If your income changes month to month, then it becomes a challenge to guess how much you owe. If you underpay, then you will owe penalties. If you over pay, then you will get a refund but you will have to wait. Make sure to use a trusted quarterly estimated tax calculator so you don’t risk underpaying.
Don't worry about overpaying your quarterly estimated taxes. Keep in mind that you are not allowed to write off your business expenses on your quarterly taxes. You have to wait until you file your annual tax return. More on tax deductible business expenses in a bit.
What Happens if I Don’t File My Taxes On Time?
If you file your taxes even a day late, the penalty is 5% of your original tax bill and increases each month up to 25%.
If you owe the IRS and pay your bill late, then you face a failure-to-pay penalty of 0.5% which will build up the longer you don’t pay.
Don’t mess around with the IRS’ deadlines. One of the main reasons people pay their taxes late is because they don’t save enough from their self employment income to cover the bill. You must know the exact amount you need to save by using a self employed income tax calculator to avoid this problem all together.
Avoid Double Reporting
For some businesses, double reporting income is a major concern.
If you are a freelancer, sometimes your clients may report your income on a 1099-NEC. But if you processed over 20,000 in gross payments and have over 200 transactions, then PayPal will also report your income to the IRS. Payment settlement entities such as PayPal, Stripe, or Square are required to send out a 1099-K if you meet the reporting thresholds.

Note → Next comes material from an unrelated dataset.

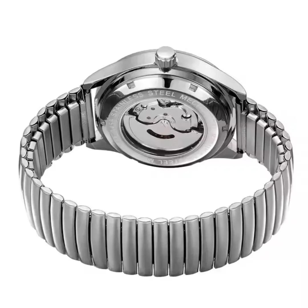 Elegant automatic watch with a clean white dial and stainless steel strap. No battery needed – perfect for daily wear and formal style.
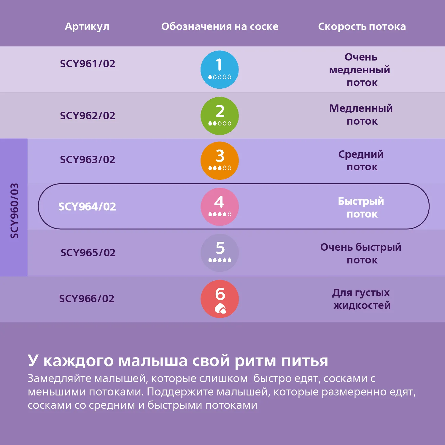 Каждый ребенок уникален. Выбирайте соску вашему малышу с подходящей скоростью потока и легко переключайтесь между сосками по мере роста и развития ребенка. Возраст — это лишь один из критериев выбора, ведь у каждого малыша свой ритм питья.

If you are going to process over the $20,000 and 200 in PayPal or other third party network transactions, then you need to tell your clients to not report a 1099-NEC on your behalf for the income they send to you through Paypal.
This way you will avoid your income being double reported by your clients and third party payment company. If you have double reported income, talk to your tax professional or CPA to fix this as soon as possible.

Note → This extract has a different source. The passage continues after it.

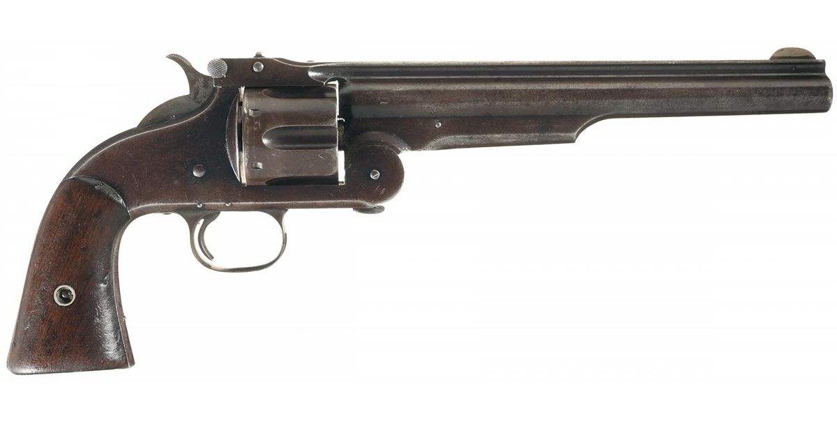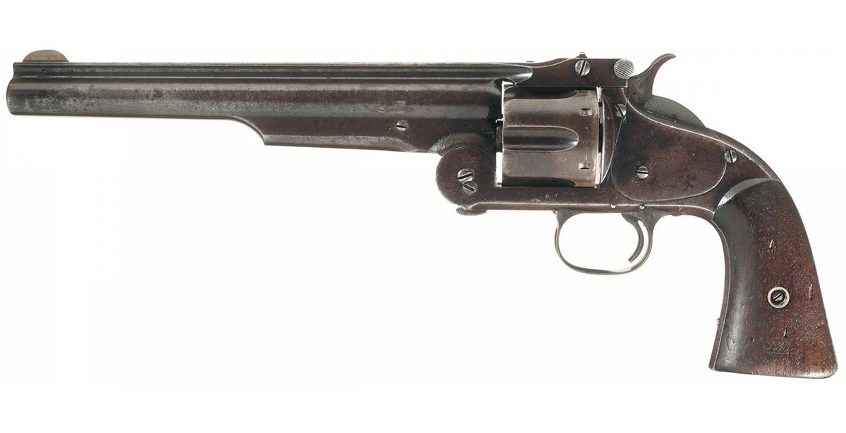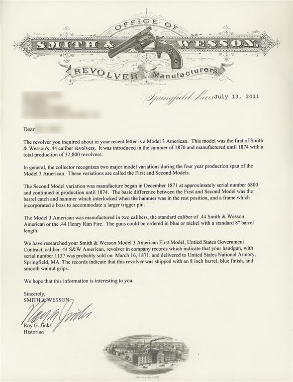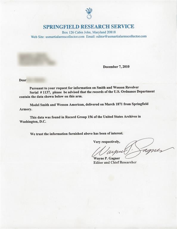 Smith & Wesson First Model American Revolver with S&W and Springfield Research Service letters. Both letters identify the revolver as an S&W First Model American and state that it was delivered to the Springfield Armory in March 1871. The Ordnance Department purchased 1000 First Model American revolvers from S&W in 1871; surviving examples are scarce and highly desirable. The revolver has the S&W commercial blue finish with casehardened hammer and barrel latch. The two-piece walnut grips are oil finished. The barrel has a nickel-silver half-moon front sight and the frame has the oil hole in the bottom. The top of the barrel rib is roll-stamped: "+ SMITH & WESSON SPRINGFIELD MASS.U.S.A.PAT.JULY 10. 60. JAN. 17. FEB. 17. JULY 11. 65 &AUG. 24. 69 + " in a single line with maltese crosses at either end. "US" is stamped on the top of the barrel between the legend and the barrel latch. Small "A" Ordnance sub-inspection marks are stamped on the bottom of the frame behind the oil hole, on the left side of the frame above the trigger guard and on the left side of the barrel top strap. An Ordnance "P" proof mark is stamped on the right side of the barrel ahead of the hinge, in one cylinder flute and on the right side of the frame behind the recoil shield. The Ordnance Sub-Inspection mark which consists of the script initials "OWA" (Orville W. Ainsworth) in a rectangle is stamped on the lower left grip. The rear face of the cylinder and the underside of the cylinder latch are stamped with the assembly mark "L2". The serial number, "1137", is stamped on the butt.

Writing off your Expenses as a Merchant or Freelancer
When you report your 1099 income to the IRS, they will tax you on that whole amount unless you use tax deductions. As a business owner or freelancer, you are allowed to use qualified business related expenses as a way to lower your taxable income.
Tax deductions can only be used when filing your annual taxes, not your quarterly taxes.

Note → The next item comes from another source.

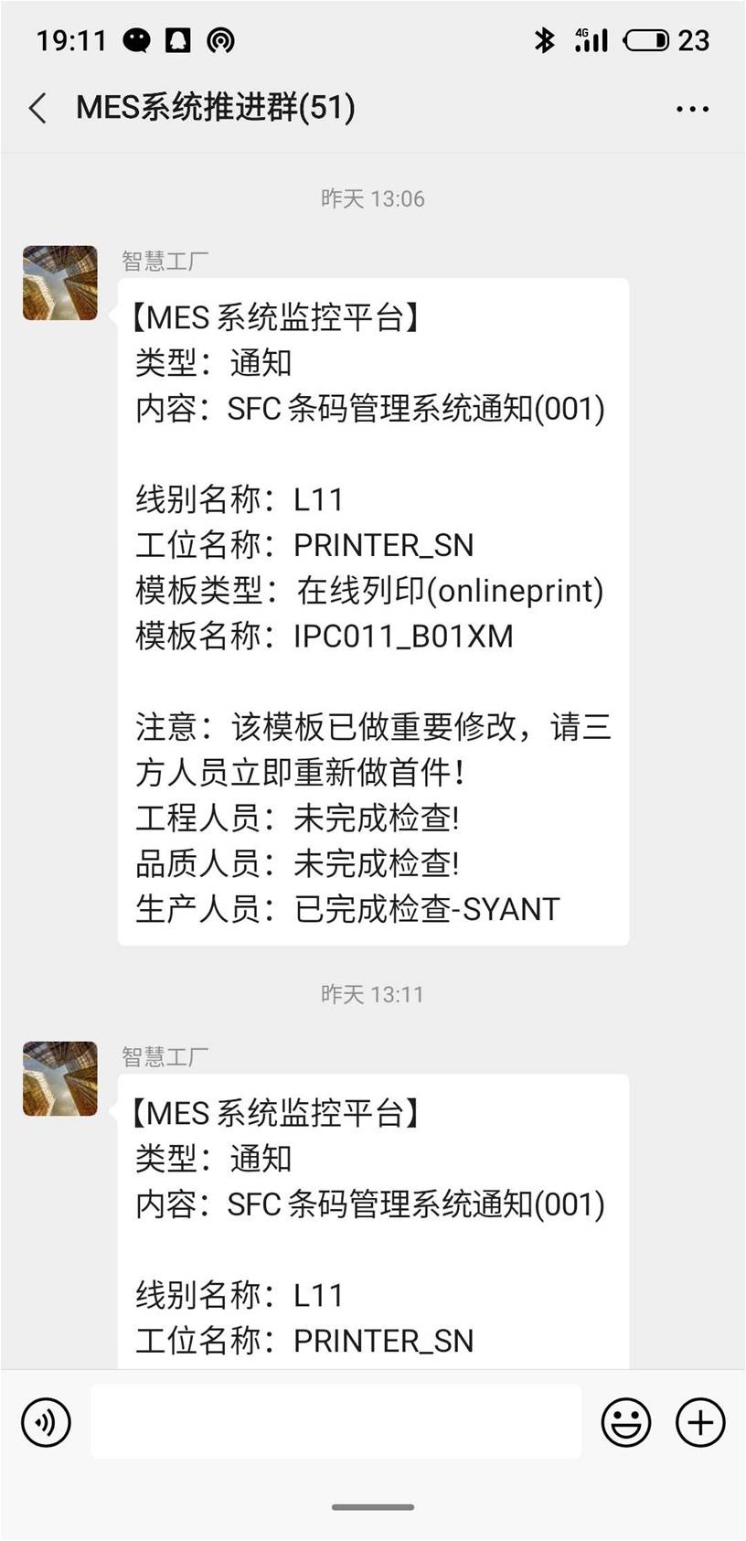 同时,MES系统会发出微信推送, 提示三个单位的人员立即去现场确认处理。 如下图所示,系统会推送是哪条线,哪个工位,哪个模板被改动,。如红框处所示,必须是工程、生产和品质三家单位对该模板都做了确认后,MES系统才会认为改动后的模板有效,并停止报警。

The most common tax deductions for freelancers or merchants include:
- The home office deduction. If you have a dedicated space of your home that is used only for work then you can write off that portion of your house for rent, mortgage interest, insurance, repairs and depreciation.
- Office furniture and equipment
- Merchant seller fees
- Work car or van
- The business portion of your phone bill, if you use the same phone both personally and professionally.
- Payment processor fees
- Business loan interest
- Professional services such as legal advice or consulting
- Website costs. Hosting, web design, or logo designs.
- Education and courses.
- Business related travel
- Marketing fees
- Half of a business related meal
- Travel expenses for business trips
The form you will be using to write off your business tax deductions is called a Form Schedule C Profit or Loss from Business. This form is really helpful because it's one of the biggest ways to lower your tax bill. However, it does have a catch. You have to keep an extremely detailed record of your expenses so you can provide proof to the IRS if you get audited.
The Best Method for Detailed Expense Tracking
If you are a small business owner or solopreneur, then hiring an accountant is not always the best option. You may want to do your own expense tracking to save money, but it can be very time consuming.
The best way to do this is to use an automated 1099 expense tracking app or software. This is especially true for taxpayers who don't separate their business expenses by using a different credit card or bank account. You can still have the same account and have the software separate your business and personal transactions for you.
This frees up your time and protects you if an IRS auditor comes knocking. Outsource this part of your business so you can focus your attention on making more money and doing what you love.